Tuesday, February 19, 2013

Phone Call

Alex called me today. In between my biology lab and my criminology class.
My heart about came out of my chest, and I immediately wanted to throw up. I didn't even know what to do with myself. So I answered. And the moment I heard his voice I had to fight back tears. I didn't know what he wanted and I didn't know why he needed to torture me like that. Why couldn't he had just texted me? I can handle a text message.

Anyway, he told me that he was sorry for everything that went down with me and Ali. His sister and I had a big falling out right before we broke up. He also told me that two of my favorite cats in the whole world are getting put down on Friday and that he figured I wanted to know and that alone about made me lose it. Then he told me he found a scarf of mine.. for some reason I'm thinking he wanted to use that as a reason to see me. But I can't handle that.
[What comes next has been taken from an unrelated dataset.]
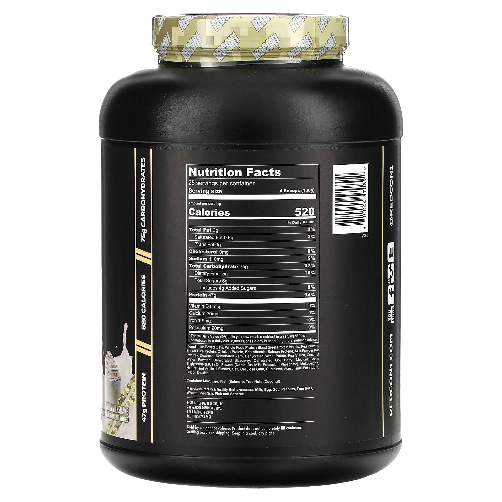 Rolled oats, whole food protein blend (beef protein isolate, pea protein, brown rice protein, chicken protein, egg albumin, salmon protein), milk powder (for texture), dextrose, dehydrated yam, dehydrated sweet potato, pea starch, coconut water powder, dehydrated blueberry, dehydrated goji berry, medium chain triglyceride (mct) oil powder (nonfat dry milk, potassium phosphate), maltodextrin, natural and artificial flavors, salt, cellulose gum, sucralose, acesulfame potassium, silicon dioxide.

I just texted him like 4 hours later and told him to mail it to me. I can't see him. Not yet. Too soon. He asked me if I still hated him. I don't. I could never hate him. I love him. I always will. This is the man that I wanted to marry. To spend the rest of my life with. Why on EARTH would I hate him? He's a wonderful man. And yes, I'm mad at him. I'm mad that he gave up. I'm made that he couldn't give me the chance. I'm mad  that I couldn't fix it. I'm mad that I was stupid and selfish. I'm mad that I couldn't give him what he wanted. I'm mad that his voice still turns me to butter. I'm mad that I can't help but love him. I'm mad that I miss him so much. I'm mad that I can't stop thinking about him. I'm mad that it's so hard for me to get over him. I'm mad that it still hurts and that I'm lonely as hell. I'm mat that I can't fight back the tears. I'm mad that he is the only man on the entire Earth that has this effect on me. I'm mad that I still hurts and I'm mad that this is happening again.

& Then he has to say something like "Well, I'm still here for you if you ever need anything. Just call me."

It tears me apart. I can't take it. I wish I could hate him. I wish so terribly bad that I could hate him. I'd give anything to hate him instead of still love him. Instead of watching him walk away from me still loving him with all that I am. Hating him would be so much easier. Loving him is killing me. It's a slow painful death.. but it's happening all the same.

I thought I was okay, I really did. But then one phone call from him changes everything. His name popping up on the screen of my phone. That one little thing turned my day from fantastic to terrible in 2 seconds. Not because I hate him, but because I love him so much and I can't have him. Because I need him more than anything right now and I can't talk to him about it. I can't go to him with this problem. I'm missing my best friend and there is nothing I can do about it. Nothing.
This is life, and I'm gonna live it.